Investigate how to remove dependency of OpenCV
The OpenCV is a dependency for docling-ibm-models(https://github.com/DS4SD/docling-ibm-models), where it is used to load and resize images for the TableFormer model.
Here are the places where opencv is called:
- tableformer/data_management/functional.py:resize()
- tableformer/data_management/tf_predictor.py:resize_img()
- tests/test_tf_predictor.py:test_tf_predictor()
Additionally in order to correctly evaluate the effect of replacing opencv with another image library, we should measure the impact at:
- TableFormer input tensors (image loading, normalization, resizing).
- TableFormer output predictions.
@nikos-livathinos I ran a quick test with Pillow.
I created two functions to resize the image, one using Pillow and other using openCV. Both were given the same input image with the input type numpy.ndarray
Used python's timeit module for 100 runs Below are some performance numbers:
Avg time for OpenCV: 0.008613 seconds
Avg time for Pillow: 0.072365 seconds
Now, instead of numpy.ndarray if we provide the image file path as the input and open the image with Pillow directly, performance gets slightly better:
Avg time for Pillow: 0.067890 seconds
@sgonsal could you also try the same with torchvision.transforms.functional.resize?

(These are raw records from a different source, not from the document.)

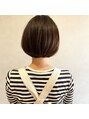 裾を削り過ぎず、やわらかい丸みが印象的で可愛いボブです。白髪も染めながら透明感のあるやわらかいカラーに仕上げてます。
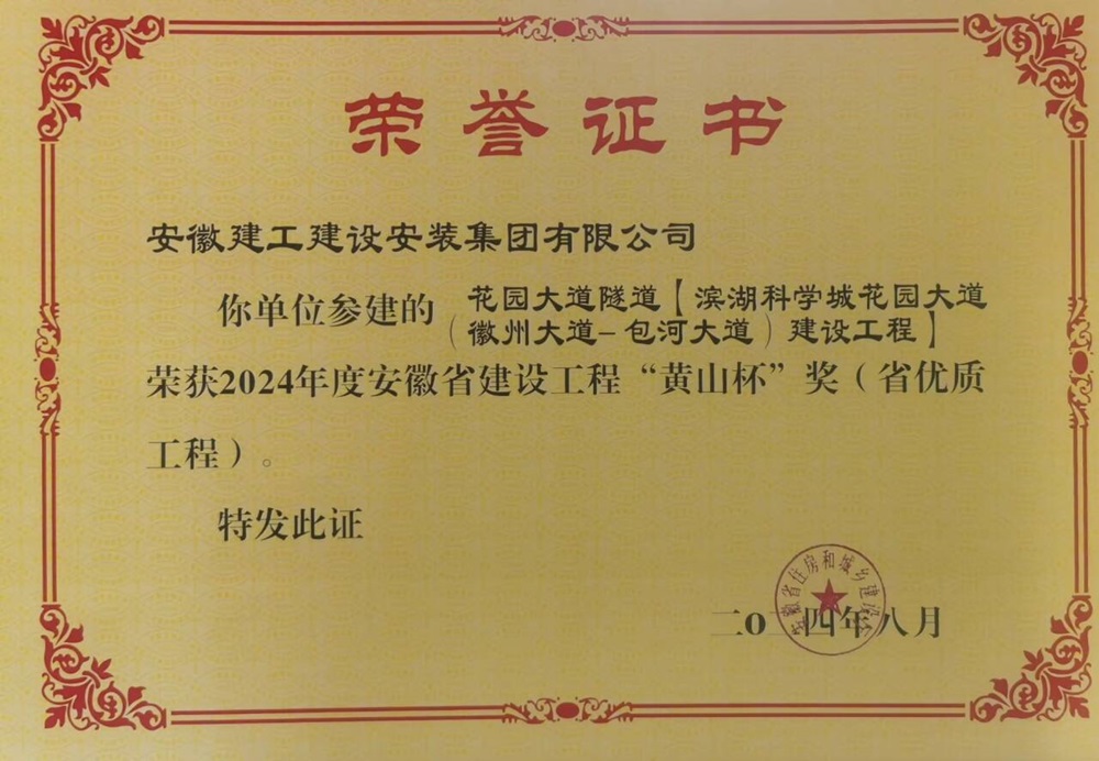 近日,安徽省住房和城鄉(xiāng)建設廳公布了2024年度安徽省建設工程“黃山杯”獲獎項目名單,建工安裝合肥分公司濱湖科學城花園大道(徽州大道-包河大道)建設工程項目榮獲“黃山杯”獎項,這是本項目繼榮獲華東優(yōu)質安裝工程獎之后的又一重量級獎項。
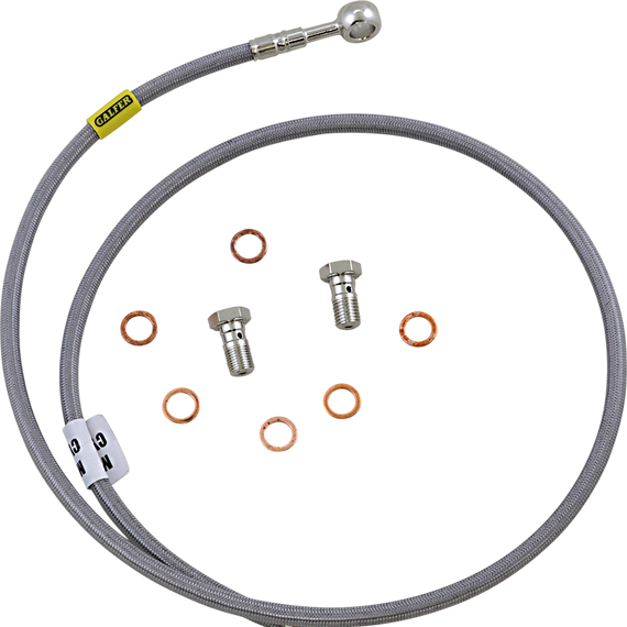 Caracteristicas: Stainless Steel lines are typically the first upgrade you should make Stock rubber lines will break down and expand, causing a spongy feel or worse. Steel lines eliminate expansion which results in consistent feel and performance Made with only DuPont virgin grade PTFE (Polytetrafluoroethylene) inner core 64 strand braid Includes all mounting components, extra washers, and line end labeling, and bike specific installations R&D and manufacturing done in the US
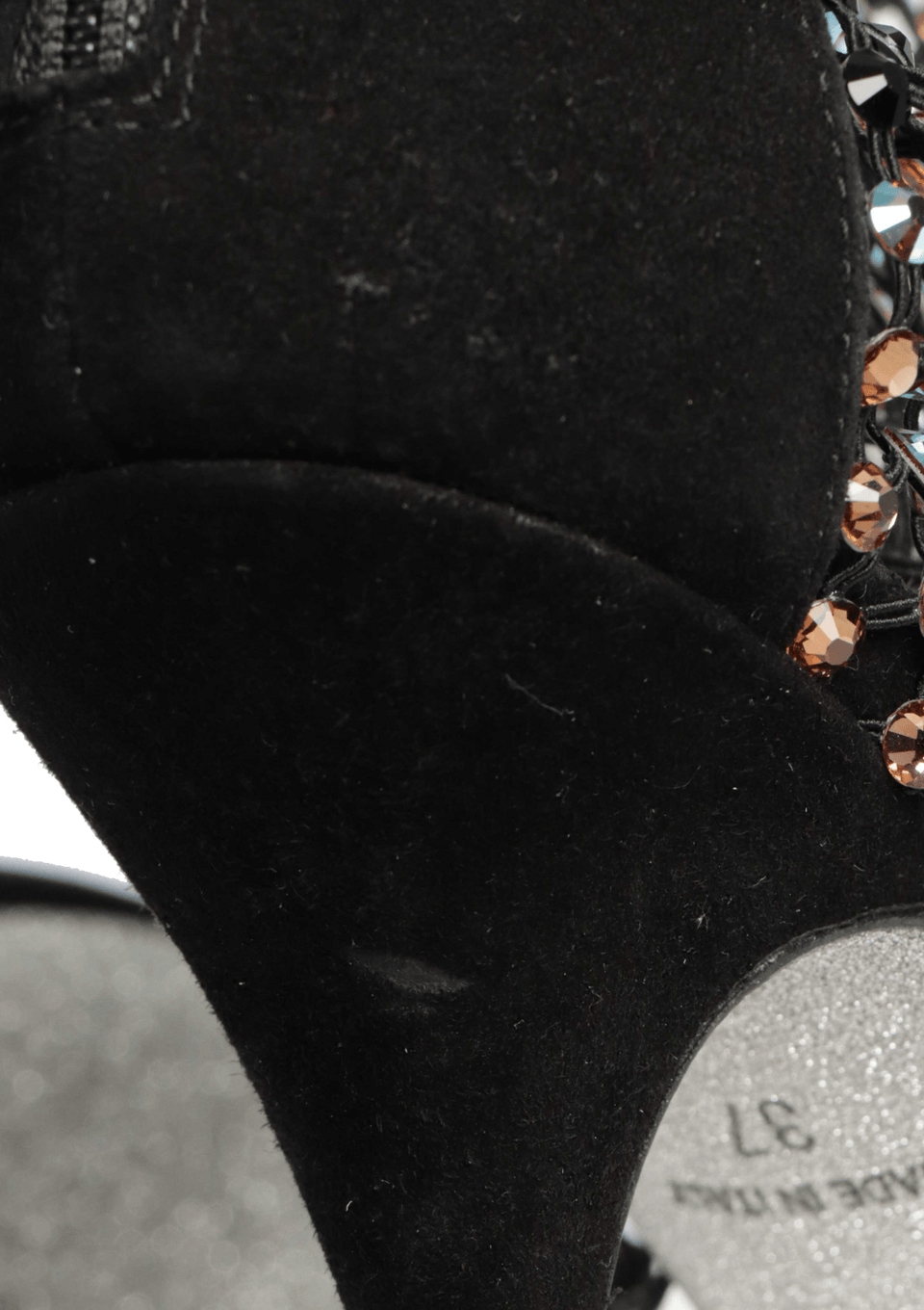 Condição: Muito bom, com aparência de seminovo. Apresenta pequenos desgastes e marcas de atrito nos saltos, levíssimos desgastes pela parte externa, leve reparo na colagem do salto direito e levíssimos desgastes e marcas de atrito nas solas.

With a torch.Tensor input, it relies on torch.nn.functional.interpolate: https://github.com/pytorch/vision/blob/cb9fdbf11f884b0501d1c23a48af258ab4acb57f/torchvision/transforms/_functional_tensor.py#L467
@pavel-denisov-fraunhofer Done.
Ran a similar test as my comment above. This time with torchvision.transforms.functional.resize
Avg time for torchvision: 0.071132 seconds